Traditionally, Auburn has great special teams and this year is no different, which will present a challenge for the Gamecocks on Saturday. Placekicker Cody Parkey has boomed 15 of his 26 kickoffs into the end zone for touchbacks and is averaging 69.5 yards per kickoff.
"He's kicking the ball like eight yards out of the back of the end zone," Butler said. "Jay (Wooten) has done a nice job for us. We know we're probably going to start a bunch of possessions at the 20-yard line. Auburn has good athletes too. They know how to cover."
Because of Parkey's powerful leg, the Tigers are ranked first in the SEC in kickoff coverage with a net average of 49.7 yards per boot.
Auburn punter Steven Clark (43.7 ypk) holds an edge over USC's Joey Scribner-Howard (41.2 ypk), but the latter had one of his best games of the season last Saturday when he averaged an impressive 46.3 yards on three punts one week after not even stepping onto the field against Navy.

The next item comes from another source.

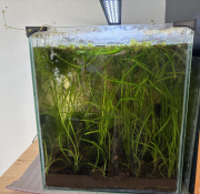 Sûrement un oeuf ramené dans les lentilles trilobées de la petite mare artificielle de la campagne. J'y retourne la semaine prochaine et vais l'y remettre. En attendant, j'ai essayé des vers de farine séchés pour Betta que j'avais en stock, mais il n'a pas l'air d'y toucher. Il faut que je le nourrisse cette semaine, or il m'a boulotté mes blackworms. Pas de petites red cherry, quand même ? Une idée? Des vers de vase congelés, des mini lombrics de mon composteur?

Scribner-Howard bailed the Gamecocks out of a bad situation in the second quarter of last Saturday night's win over Vanderbilt when USC had their backs to the end zone. He boomed a 56-yard punt to the VU 41. A nine-yard return placed the ball at midfield. Three plays later, Stephen Gilmore intercepted his first pass of the season.
"Joey punted the ball great," Butler said. "I think we covered pretty well. (Marty) Markett did a great job. We had one issue with protection but luckily Joey got it off."
Through four weeks, USC is ranked seventh in punting (37.8 net yards), two spots below Auburn.
Ace Sanders averaged 5.4 yards on five punt returns with a long of 16 yards. He almost received the blocking to take it to the house for the second time this season.
"We had one punt return where I thought we were one block away from a touchdown," Butler said. "We're getting closer and closer to scoring again. It just comes down to executing and really getting 11 guys on the same page and not just nine or ten."
However, Sanders fumbled on his first punt return of the night. Fortunately, he fell on the loose football at the USC 31. Butler knows, though, it could have been disastrous.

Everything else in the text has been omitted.